### Activity
An exact, complete printout of the listing is wanted, minus its images.
--- Record set ---
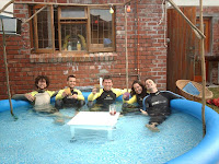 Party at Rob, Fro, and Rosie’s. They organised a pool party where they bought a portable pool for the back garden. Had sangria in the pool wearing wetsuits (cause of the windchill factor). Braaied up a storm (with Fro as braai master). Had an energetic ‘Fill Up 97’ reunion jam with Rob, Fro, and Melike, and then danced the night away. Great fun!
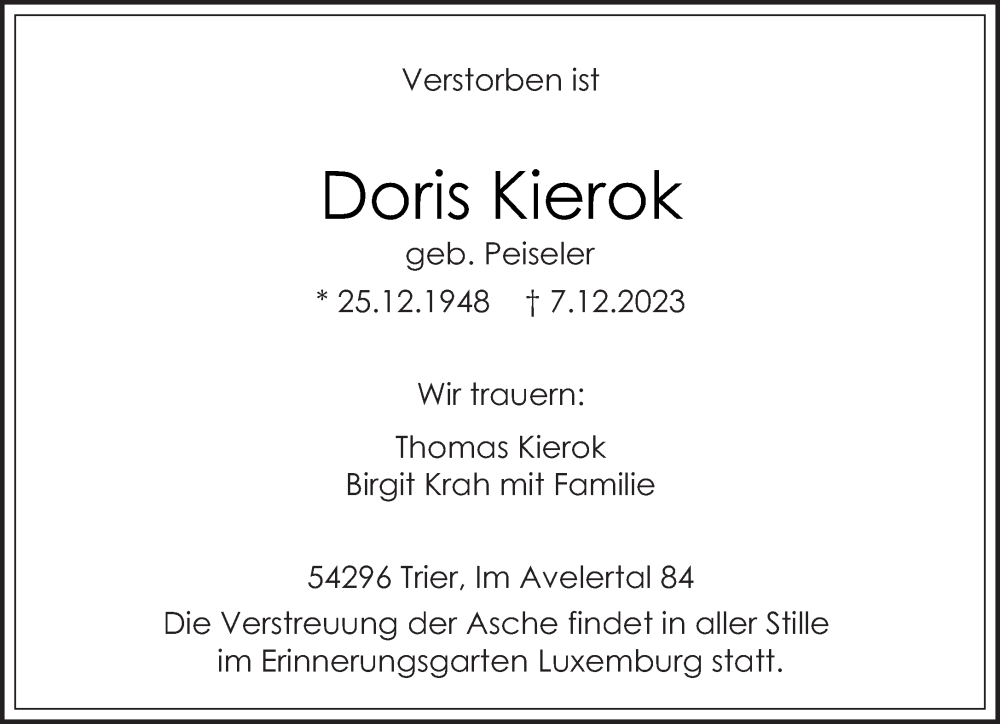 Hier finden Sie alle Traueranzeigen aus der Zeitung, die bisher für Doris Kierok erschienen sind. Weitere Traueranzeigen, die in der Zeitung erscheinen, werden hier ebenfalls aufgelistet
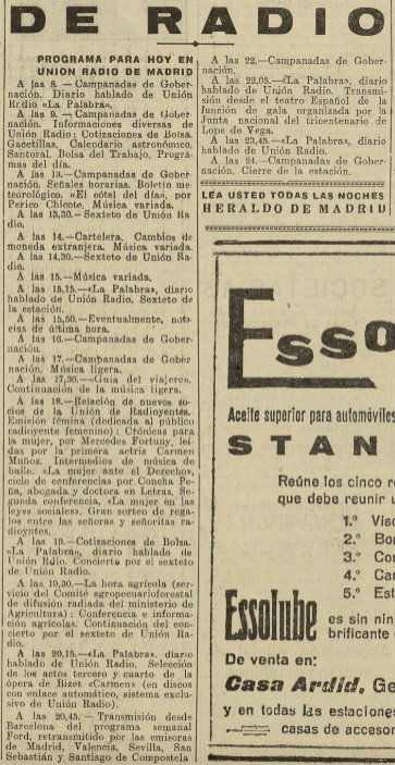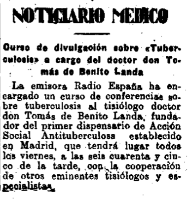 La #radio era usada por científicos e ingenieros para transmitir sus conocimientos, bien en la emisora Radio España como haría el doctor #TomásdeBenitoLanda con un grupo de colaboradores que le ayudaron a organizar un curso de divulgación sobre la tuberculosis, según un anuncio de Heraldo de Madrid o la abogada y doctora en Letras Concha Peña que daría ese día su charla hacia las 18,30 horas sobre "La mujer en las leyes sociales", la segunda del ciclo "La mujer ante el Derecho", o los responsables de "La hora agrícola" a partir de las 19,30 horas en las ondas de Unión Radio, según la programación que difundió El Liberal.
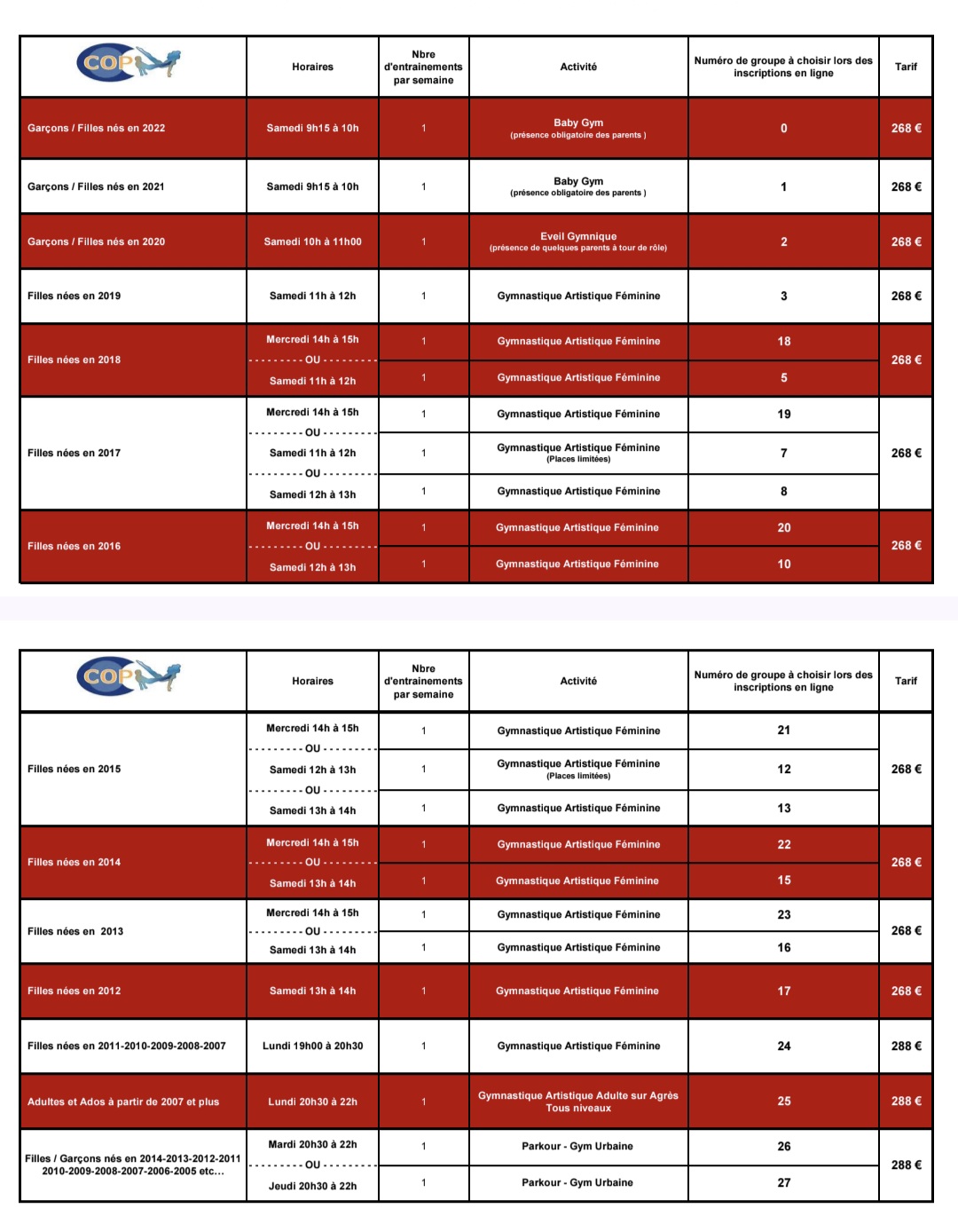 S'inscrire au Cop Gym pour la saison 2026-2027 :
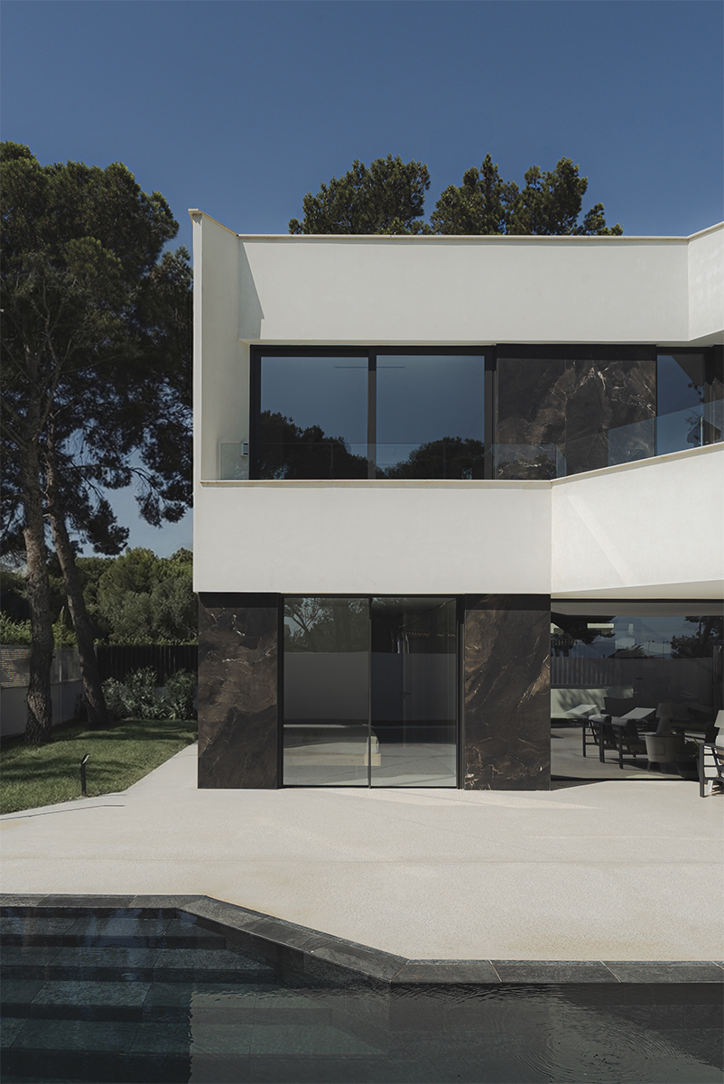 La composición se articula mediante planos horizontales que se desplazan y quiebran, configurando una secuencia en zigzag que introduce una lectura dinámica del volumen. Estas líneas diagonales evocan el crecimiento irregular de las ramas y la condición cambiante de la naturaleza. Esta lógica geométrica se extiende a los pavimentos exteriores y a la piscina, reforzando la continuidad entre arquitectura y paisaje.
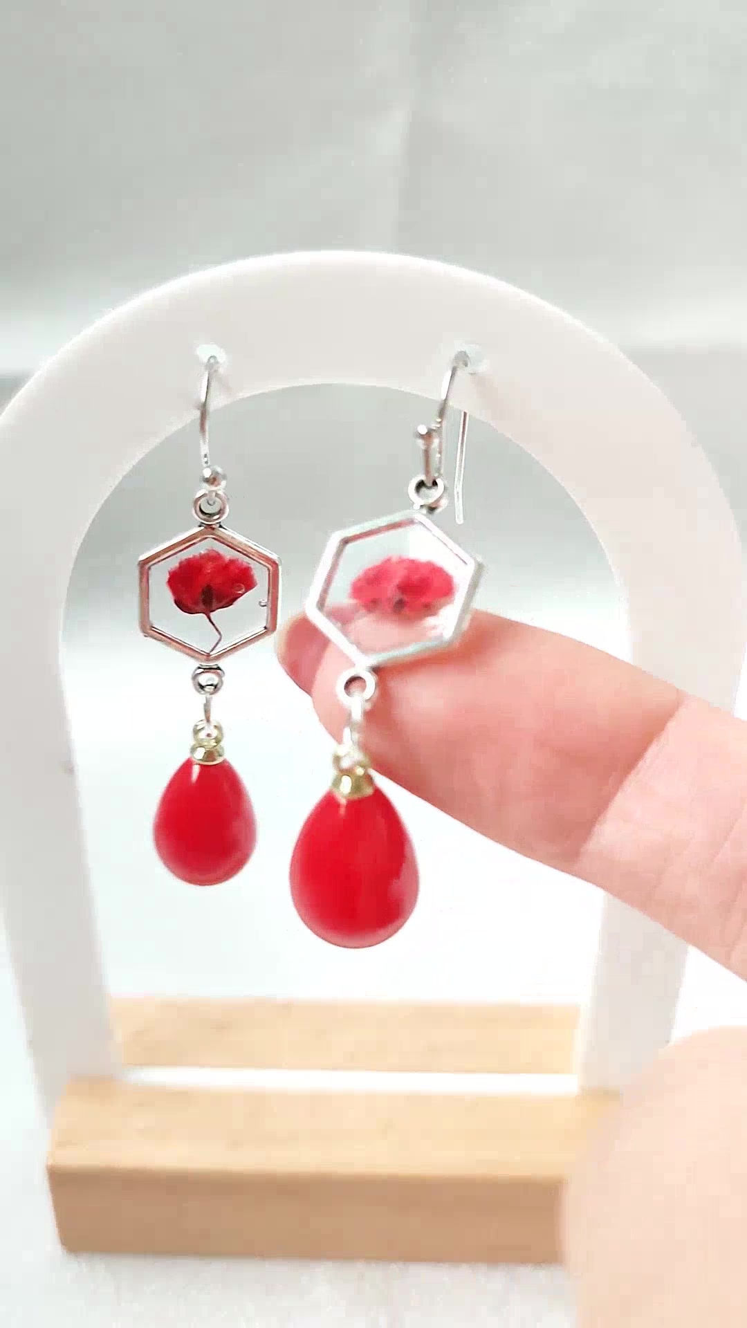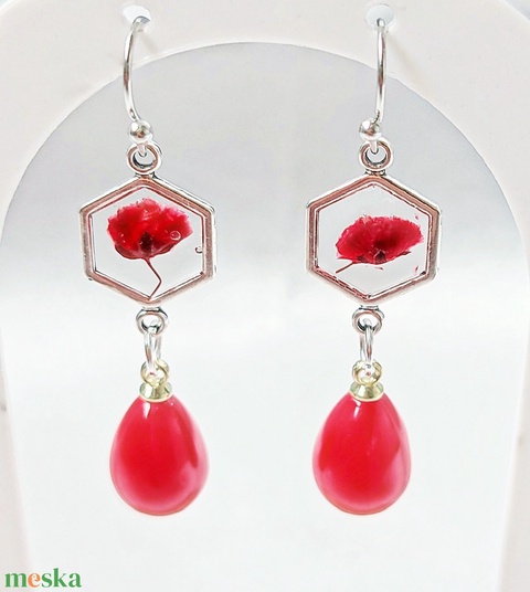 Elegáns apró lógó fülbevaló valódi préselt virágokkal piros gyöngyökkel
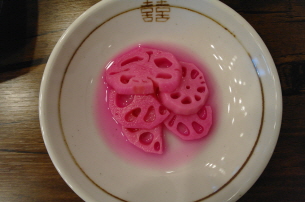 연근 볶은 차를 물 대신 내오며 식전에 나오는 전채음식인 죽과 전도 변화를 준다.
---
### Solution to this task
 Party at Rob, Fro, and Rosie’s. They organised a pool party where they bought a portable pool for the back garden. Had sangria in the pool wearing wetsuits (cause of the windchill factor). Braaied up a storm (with Fro as braai master). Had an energetic ‘Fill Up 97’ reunion jam with Rob, Fro, and Melike, and then danced the night away. Great fun!
 Hier finden Sie alle Traueranzeigen aus der Zeitung, die bisher für Doris Kierok erschienen sind. Weitere Traueranzeigen, die in der Zeitung erscheinen, werden hier ebenfalls aufgelistet
 La #radio era usada por científicos e ingenieros para transmitir sus conocimientos, bien en la emisora Radio España como haría el doctor #TomásdeBenitoLanda con un grupo de colaboradores que le ayudaron a organizar un curso de divulgación sobre la tuberculosis, según un anuncio de Heraldo de Madrid o la abogada y doctora en Letras Concha Peña que daría ese día su charla hacia las 18,30 horas sobre "La mujer en las leyes sociales", la segunda del ciclo "La mujer ante el Derecho", o los responsables de "La hora agrícola" a partir de las 19,30 horas en las ondas de Unión Radio, según la programación que difundió El Liberal.
 S'inscrire au Cop Gym pour la saison 2026-2027 :
 La composición se articula mediante planos horizontales que se desplazan y quiebran, configurando una secuencia en zigzag que introduce una lectura dinámica del volumen. Estas líneas diagonales evocan el crecimiento irregular de las ramas y la condición cambiante de la naturaleza. Esta lógica geométrica se extiende a los pavimentos exteriores y a la piscina, reforzando la continuidad entre arquitectura y paisaje.
 Elegáns apró lógó fülbevaló valódi préselt virágokkal piros gyöngyökkel
 연근 볶은 차를 물 대신 내오며 식전에 나오는 전채음식인 죽과 전도 변화를 준다.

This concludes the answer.